[Your assignment] Return all the lines below exactly. Any picture among them is omitted.

[Information provided]
--------
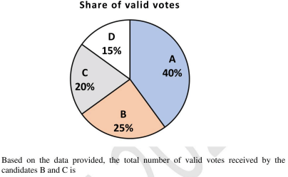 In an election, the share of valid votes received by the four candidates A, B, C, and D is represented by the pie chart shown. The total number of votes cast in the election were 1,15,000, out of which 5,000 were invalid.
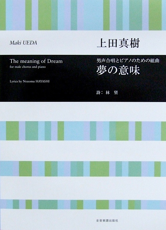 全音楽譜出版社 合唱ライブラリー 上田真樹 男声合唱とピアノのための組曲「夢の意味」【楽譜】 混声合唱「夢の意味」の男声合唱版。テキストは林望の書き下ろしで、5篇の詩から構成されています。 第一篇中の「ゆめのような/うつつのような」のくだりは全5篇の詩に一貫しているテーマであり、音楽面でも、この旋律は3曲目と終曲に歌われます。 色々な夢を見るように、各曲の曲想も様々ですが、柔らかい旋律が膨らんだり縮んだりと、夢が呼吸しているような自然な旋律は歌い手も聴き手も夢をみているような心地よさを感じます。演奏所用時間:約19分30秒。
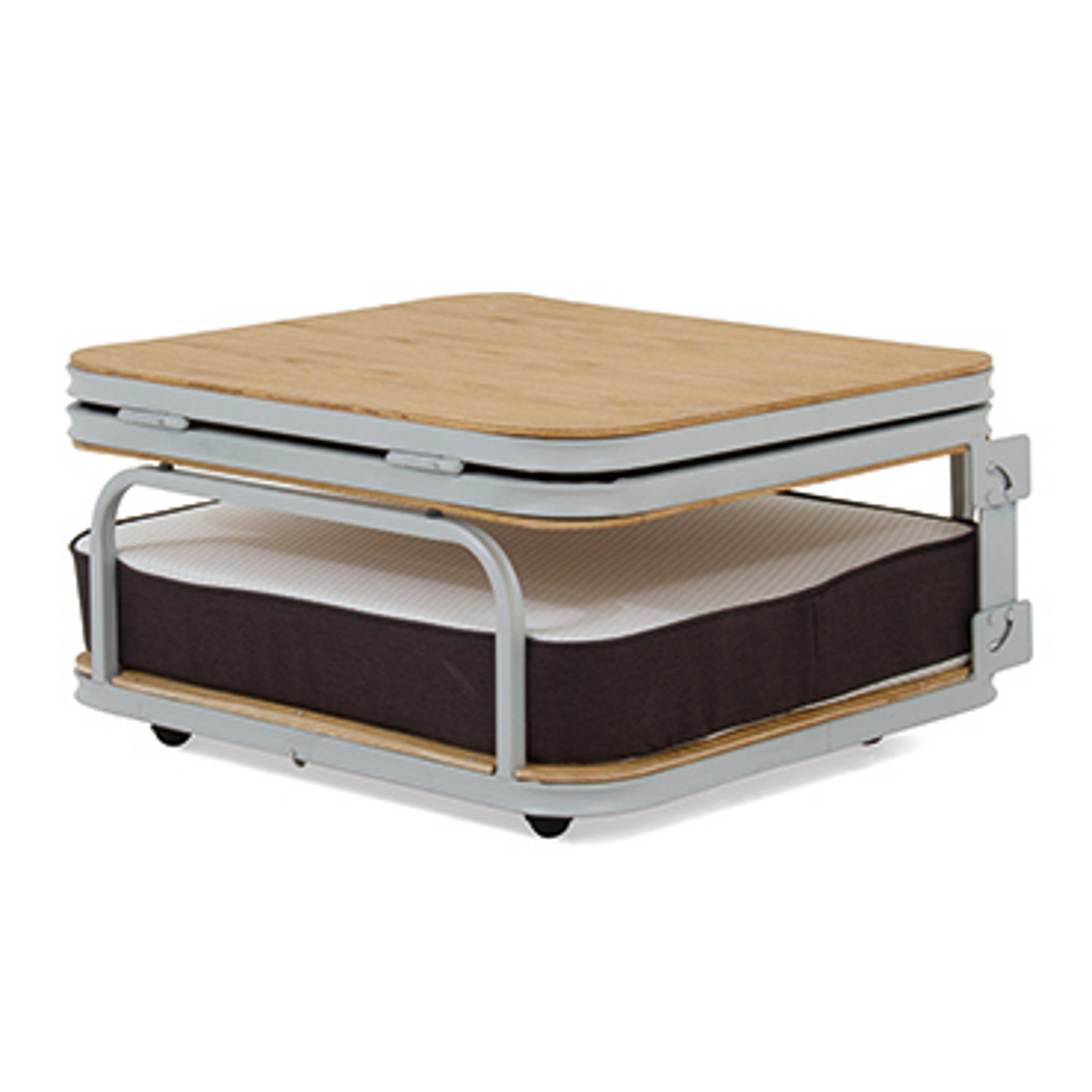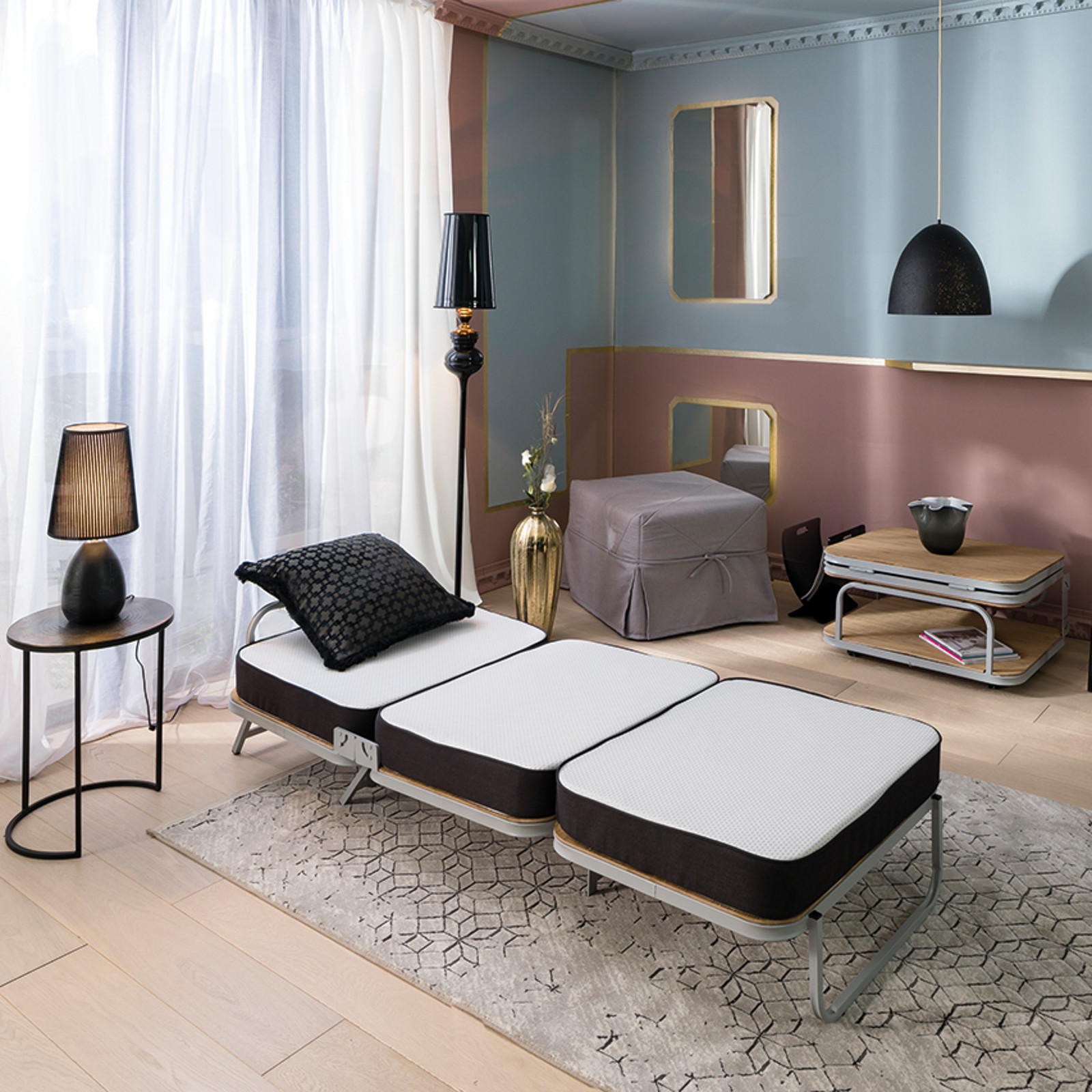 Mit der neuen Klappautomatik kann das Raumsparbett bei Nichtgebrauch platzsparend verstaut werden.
--------
[Problem solution]
 In an election, the share of valid votes received by the four candidates A, B, C, and D is represented by the pie chart shown. The total number of votes cast in the election were 1,15,000, out of which 5,000 were invalid.
 全音楽譜出版社 合唱ライブラリー 上田真樹 男声合唱とピアノのための組曲「夢の意味」【楽譜】 混声合唱「夢の意味」の男声合唱版。テキストは林望の書き下ろしで、5篇の詩から構成されています。 第一篇中の「ゆめのような/うつつのような」のくだりは全5篇の詩に一貫しているテーマであり、音楽面でも、この旋律は3曲目と終曲に歌われます。 色々な夢を見るように、各曲の曲想も様々ですが、柔らかい旋律が膨らんだり縮んだりと、夢が呼吸しているような自然な旋律は歌い手も聴き手も夢をみているような心地よさを感じます。演奏所用時間:約19分30秒。
 Mit der neuen Klappautomatik kann das Raumsparbett bei Nichtgebrauch platzsparend verstaut werden.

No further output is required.